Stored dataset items
- - -
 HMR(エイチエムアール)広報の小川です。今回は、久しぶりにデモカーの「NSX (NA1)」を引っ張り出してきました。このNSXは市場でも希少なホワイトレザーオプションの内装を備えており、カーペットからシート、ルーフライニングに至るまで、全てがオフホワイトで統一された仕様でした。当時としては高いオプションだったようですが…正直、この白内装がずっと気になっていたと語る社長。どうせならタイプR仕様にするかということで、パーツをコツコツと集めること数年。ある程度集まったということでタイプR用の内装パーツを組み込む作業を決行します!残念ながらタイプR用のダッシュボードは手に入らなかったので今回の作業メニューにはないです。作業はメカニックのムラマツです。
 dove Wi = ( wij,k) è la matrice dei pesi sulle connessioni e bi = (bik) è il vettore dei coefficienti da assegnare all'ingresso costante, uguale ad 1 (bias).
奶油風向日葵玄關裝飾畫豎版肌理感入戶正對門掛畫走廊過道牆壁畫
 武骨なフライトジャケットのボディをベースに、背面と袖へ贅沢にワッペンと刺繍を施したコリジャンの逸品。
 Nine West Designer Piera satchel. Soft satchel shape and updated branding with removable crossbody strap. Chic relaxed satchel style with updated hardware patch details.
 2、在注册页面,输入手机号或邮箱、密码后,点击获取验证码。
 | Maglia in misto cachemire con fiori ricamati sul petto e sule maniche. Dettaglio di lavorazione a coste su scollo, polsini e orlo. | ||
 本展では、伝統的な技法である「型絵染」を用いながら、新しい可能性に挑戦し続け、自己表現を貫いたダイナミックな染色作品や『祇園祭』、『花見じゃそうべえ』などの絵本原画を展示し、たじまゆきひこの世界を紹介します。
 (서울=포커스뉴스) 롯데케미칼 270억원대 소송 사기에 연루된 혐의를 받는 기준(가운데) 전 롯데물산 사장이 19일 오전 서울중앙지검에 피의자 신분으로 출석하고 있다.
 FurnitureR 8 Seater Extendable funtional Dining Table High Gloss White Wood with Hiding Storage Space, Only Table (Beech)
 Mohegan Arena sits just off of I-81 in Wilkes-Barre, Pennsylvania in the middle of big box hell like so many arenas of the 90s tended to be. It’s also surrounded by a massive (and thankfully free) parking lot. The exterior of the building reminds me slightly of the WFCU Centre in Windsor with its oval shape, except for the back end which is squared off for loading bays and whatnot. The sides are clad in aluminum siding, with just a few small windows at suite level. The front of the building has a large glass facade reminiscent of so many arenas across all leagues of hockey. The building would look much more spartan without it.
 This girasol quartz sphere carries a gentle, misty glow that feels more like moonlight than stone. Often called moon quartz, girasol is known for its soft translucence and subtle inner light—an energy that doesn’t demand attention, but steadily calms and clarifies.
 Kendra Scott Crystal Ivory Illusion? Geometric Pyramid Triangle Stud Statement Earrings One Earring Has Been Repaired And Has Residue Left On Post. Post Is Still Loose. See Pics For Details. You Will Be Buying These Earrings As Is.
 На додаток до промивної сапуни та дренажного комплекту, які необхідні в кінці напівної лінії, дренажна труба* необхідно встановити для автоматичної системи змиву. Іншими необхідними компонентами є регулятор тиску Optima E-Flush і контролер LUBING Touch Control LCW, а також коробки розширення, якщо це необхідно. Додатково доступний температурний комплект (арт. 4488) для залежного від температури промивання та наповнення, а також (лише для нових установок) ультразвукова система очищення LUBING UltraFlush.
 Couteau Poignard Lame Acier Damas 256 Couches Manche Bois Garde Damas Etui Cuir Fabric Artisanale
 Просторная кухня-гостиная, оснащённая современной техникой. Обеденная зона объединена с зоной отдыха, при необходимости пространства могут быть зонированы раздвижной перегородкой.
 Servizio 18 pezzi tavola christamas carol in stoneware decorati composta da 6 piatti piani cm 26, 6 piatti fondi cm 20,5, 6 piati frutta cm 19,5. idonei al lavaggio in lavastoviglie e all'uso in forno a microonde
- - -
An exact copy of the lines above between the line holding "Mohegan Arena sits" and the line holding "Kendra Scott Crystal", inclusive, is the whole answer.

 Mohegan Arena sits just off of I-81 in Wilkes-Barre, Pennsylvania in the middle of big box hell like so many arenas of the 90s tended to be. It’s also surrounded by a massive (and thankfully free) parking lot. The exterior of the building reminds me slightly of the WFCU Centre in Windsor with its oval shape, except for the back end which is squared off for loading bays and whatnot. The sides are clad in aluminum siding, with just a few small windows at suite level. The front of the building has a large glass facade reminiscent of so many arenas across all leagues of hockey. The building would look much more spartan without it.
 This girasol quartz sphere carries a gentle, misty glow that feels more like moonlight than stone. Often called moon quartz, girasol is known for its soft translucence and subtle inner light—an energy that doesn’t demand attention, but steadily calms and clarifies.
 Kendra Scott Crystal Ivory Illusion? Geometric Pyramid Triangle Stud Statement Earrings One Earring Has Been Repaired And Has Residue Left On Post. Post Is Still Loose. See Pics For Details. You Will Be Buying These Earrings As Is.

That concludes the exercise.